Рок-н-ролл под кремлем. Книга 3. Спасти шпиона - Данил Корецкий
Шрифт:
Интервал:
Закладка:
Тресков удивленно отквасил нижнюю губу. Несмотря на молодость, эфэсбэшник сделал то, до чего не додумалась вся оперативно-следственная группа во главе с ним самим. Вот что значит комитетская выучка! Он подбросил на ладони бутылку.
– Может, накатим для начала?
Но Юра не обращал на него внимания. Сейчас он напоминал ищейку, увлеченно отрабатывающую след.
На полу так и остались липкие потеки от спиртного; угол ковра, где во время оргии уронили и размазали кусок торта, покрылся дрожащей серой плесенью.
Этажерка, стойка для дисков, стеллаж для аппаратуры с пустыми полками. На гладких поверхностях черные пятна контрастного порошка – следы работы эксперта. По идее, все здесь пересмотрено несколько раз и несколькими людьми. Но это ничего не значит. Именно так учили их в Академии.
Кабинет – просторный, комфортабельный, с большим письменным столом и удобным глубоким креслом. Полка с книгами. На толстых корешках фамилия одного автора – самого Сперанского. На столе компьютер, на котором все эти книги писались. Полки, монитор и клавиатура тоже испачканы черным порошком.
Внимание Юры привлекла блестящая фигурка – угловатый, бугрящийся мышцами атлет на турнике. Стилистикой он напоминал памятник космонавту на Ленинском проспекте. Юра взял игрушку в руку, осмотрел со всех сторон. На основании выбита надпись: «Завод „Металлоштамп“. 1969 год». Он нажал кнопку. Гимнаст крутанул «солнце» – раз, другой, третий, да так и застыл вниз головой. Села батарейка.
Спальня, библиотека. Запах табачных листьев из гардеробной. Кухня, где Тресков потягивает «Арарат» из правильного, пузатого бокала.
– Присоединяйся, капитан! – радостно кличет Тресков. – Вкус, и правда, другой!
Здесь, в кухне, еще одна видеодвойка, ее, видно, не смогли унести. В пыльном экране отражается широкий, с мощной поперечной складкой, затылок Трескова.
Юра подошел, поставил на стол гимнаста.
– Что это? – Следователь сунул ему в руку рюмку.
– Старая игрушка. Когда ее сделали, меня еще не было на свете.
– Да, тогда любили такие фиговины. У меня на столе календарь стоит перекидной – железный, никелированный, тяжелый такой… Ему уже лет сорок – от стариков остался. До сих пор нормально работает, а стоил копейки… И сталь настоящая – не жалели. Ну, давай, за победу!
Они выпили.
– Я его забрать хочу, – сказал Юра. – Можно?
Тресков пожал плечами.
– Конечно. Материальной стоимости это старье не имеет, наследников нет – все равно выбросят на помойку… Давай еще по одной.

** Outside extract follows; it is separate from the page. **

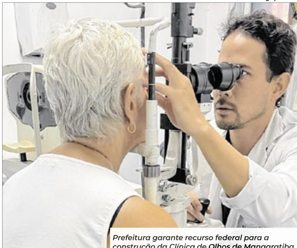
Prefeitura garante recurso federal para a construção da Clínica de Olhos de Mangaratiba

A assinatura do contrato marca o início do processo formal para a implantação da unidade, que seguirá agora para a fase de cumprimento das exigências

– Мне хватит – Юра провел пальцем по пыли на экране. – А что здесь загружено? Не просматривали?
– Да все просматривали. Тут десятки дисков и кассет валялись. И все с порнухой. Это не квартира писателя, а притон разврата. С малолетками, в основном, занимался… Правда, этого второго, обществоведа, нигде не видно…
Тресков подмигнул.
– Хочешь, дам пару кассет для ознакомления?
Юра помотал головой.
– Да нет, меня другое интересует…
Он нашел пульт, нажал на клавишу с треугольником. Экран ожил, а вместе с ним неожиданно вернулся к жизни и Иван Ильич Сперанский – голый, потный, с белым трясущимся брюшком и тонким от возбуждения голосом, распаленный нешуточной страстью к двум девицам, которые копошились перед ним на коленках, словно исполняя какую-то сложную пантомиму.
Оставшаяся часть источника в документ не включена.